Worker Protocol
Durable Workflow exposes a versioned worker protocol through two bridge contracts. These contracts define the complete set of verbs that external workers — including the standalone Durable Workflow server — use to poll, claim, execute, and complete workflow and activity tasks.
Protocol Version
The current protocol version is 1.0. The protocol follows semver-style numbering:
- Major bumps when a change is backwards-incompatible (new required fields, removed verbs, changed pagination semantics).
- Minor bumps for additive changes (new optional fields, new non-terminal command types).
You can retrieve the full protocol description programmatically:
use Workflow\V2\Support\WorkerProtocolVersion;
$summary = WorkerProtocolVersion::describe();
// Returns version, verb lists, command types, and pagination defaults.
Capability Discovery
The standalone server publishes worker-protocol capabilities under
worker_protocol.server_capabilities in GET /api/cluster/info. The same
object is echoed as server_capabilities on worker-plane responses, including
poll, heartbeat, complete, and fail responses.
Read these fields before sending optional command fields:
supported_workflow_task_commands: command types accepted by workflow-task completion.activity_retry_policyandactivity_timeouts: activity command retry and timeout options.child_workflow_retry_policyandchild_workflow_timeouts: child workflow retry and timeout options.parent_close_policy: child workflow parent-close policy support.query_tasks: server-routed workflow query tasks for external runtimes.non_retryable_failures: workflow and activity failure metadata support.
Workflow Task Bridge
The WorkflowTaskBridge contract defines how an external worker interacts with durable workflow tasks:
| Verb | Description |
|---|---|
poll | Find ready workflow tasks matching queue and compatibility criteria |
claim / claimStatus | Claim a specific task, acquiring a 5-minute lease |
historyPayload | Retrieve the full replay history for a claimed task |
historyPayloadPaginated | Retrieve history in pages for large workflows |
execute | Claim and execute a task in-process using the package executor |
complete | Submit commands from an external worker to complete a task |
fail | Record a task failure from an external worker |
heartbeat | Extend the lease on a claimed task |
Paginated History
For workflows with large histories, use historyPayloadPaginated to retrieve events in pages:
use Workflow\V2\Contracts\WorkflowTaskBridge;
$bridge = app(WorkflowTaskBridge::class);
$afterSequence = 0;
$allEvents = [];
do {
$page = $bridge->historyPayloadPaginated($taskId, $afterSequence, 500);
$allEvents = array_merge($allEvents, $page['history_events']);
$afterSequence = $page['next_after_sequence'] ?? $afterSequence;
} while ($page['has_more']);
The default page size is 500 events (matching WorkerProtocolVersion::DEFAULT_HISTORY_PAGE_SIZE and the default_history_page_size value the server publishes in its worker-protocol capabilities); the maximum is 1000. Servers can advertise a different effective default through the worker-protocol manifest, so prefer reading the published capability over hard-coding either number. The response includes has_more and next_after_sequence for cursor-based pagination.
History Compression
For workflows with very large histories, the bridge or server can compress the history events payload to reduce transfer size. Compression is opt-in: the caller must request it via an Accept-Encoding-style parameter.

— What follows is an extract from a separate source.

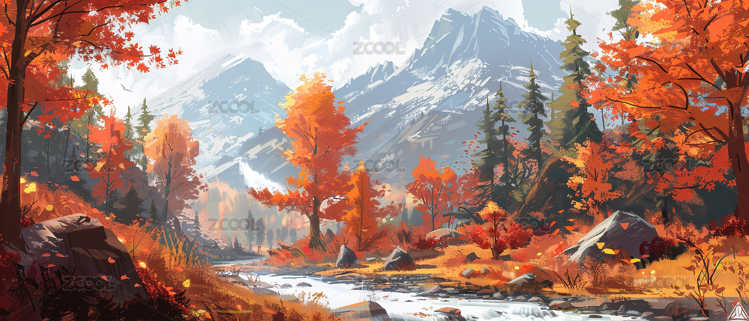 秋日山谷风景油画

When the event count in a response exceeds the compression threshold (50 events), the bridge may return:
history_events:[](empty array, signalling events are in the compressed key)history_events_compressed: base64-encoded compressed payloadhistory_events_encoding: the algorithm used (gzipordeflate)

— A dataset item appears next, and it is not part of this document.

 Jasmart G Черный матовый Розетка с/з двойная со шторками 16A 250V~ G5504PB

The caller decompresses by decoding base64, inflating with the indicated algorithm, and JSON-decoding the result to recover the original history_events array.

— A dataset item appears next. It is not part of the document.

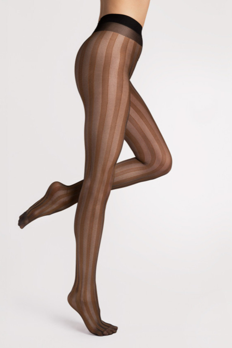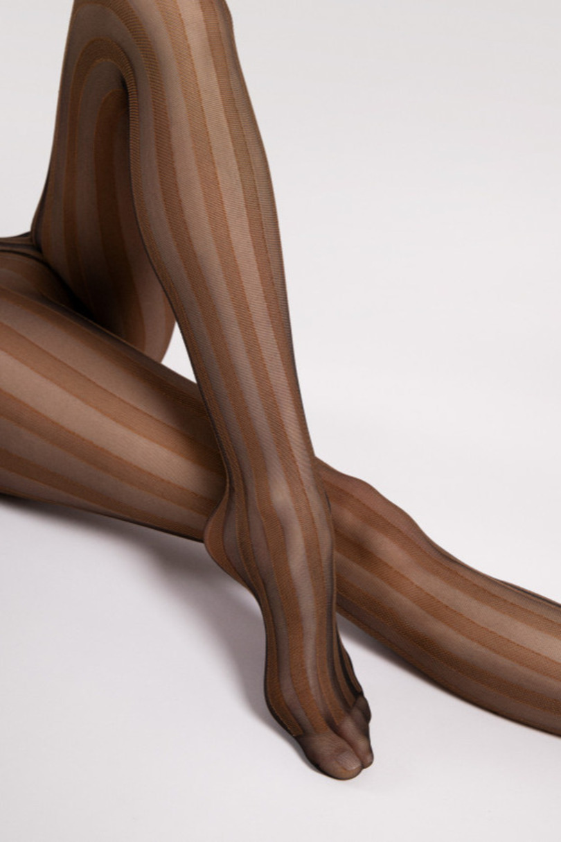 Колготки з графічними вертикальними смужками візуально звужують ноги. Сучасний дизайн створює ефект стрункості – Т-подібна частина трусиків та візерунок по всій поверхні роблять їх ідеальними для носіння з мініспідницями та шортами. Високоякісна матова трикотажна тканина від перевірених європейських постачальників.

use Workflow\V2\Support\HistoryPayloadCompression;
// Compress a history payload for transfer (bridge/server side).
$compressed = HistoryPayloadCompression::compress($payload, 'gzip');
// Decompress on the worker side.
$original = HistoryPayloadCompression::decompress($compressed);
If the caller does not request compression, or the event count is below the threshold, the response contains the standard uncompressed history_events array.
Long-Poll Semantics
Both poll verbs support an optional long-poll mode. When the caller includes a timeout_seconds parameter, the bridge or server holds the connection open for up to that duration waiting for a matching task to become ready, instead of returning an empty result immediately.
| Parameter | Default | Min | Max |
|---|---|---|---|
timeout_seconds | 30 | 1 | 60 |
Behavior:
- If a task becomes ready during the wait, it is returned immediately.
- If the timeout expires with no task, the response is an empty list.
- The client should retry immediately on an empty long-poll response unless shutting down.
- HTTP-level timeouts on the transport should be set above 60 seconds to avoid premature disconnects.
use Workflow\V2\Support\WorkerProtocolVersion;
$semantics = WorkerProtocolVersion::longPollSemantics();
// ['default_timeout_seconds' => 30, 'min_timeout_seconds' => 1, 'max_timeout_seconds' => 60]
// Clamp a caller-supplied timeout to the valid range.
$clamped = WorkerProtocolVersion::clampLongPollTimeout($userTimeout);
Command Types
When completing a workflow task, the external worker submits a list of typed commands. At most one terminal command is allowed per completion.
Non-terminal commands (zero or more, processed in order):
| Type | Required Fields | Description |
|---|---|---|
schedule_activity | activity_type | Schedule an activity task for execution |
start_timer | delay_seconds | Schedule a durable timer |
start_child_workflow | workflow_type | Start a child workflow instance |
complete_update | update_id | Mark an accepted update as applied and completed |
fail_update | update_id, message | Mark an accepted update as failed |
record_side_effect | result | Record a deterministic side-effect result |
record_version_marker | change_id, version, min_supported, max_supported | Record a versioning decision |
upsert_search_attributes | attributes | Upsert indexed metadata on the workflow run |
schedule_activity accepts optional retry_policy, start_to_close_timeout,
schedule_to_start_timeout, schedule_to_close_timeout, and
heartbeat_timeout fields. retry_policy uses max_attempts,
backoff_seconds, and non_retryable_error_types.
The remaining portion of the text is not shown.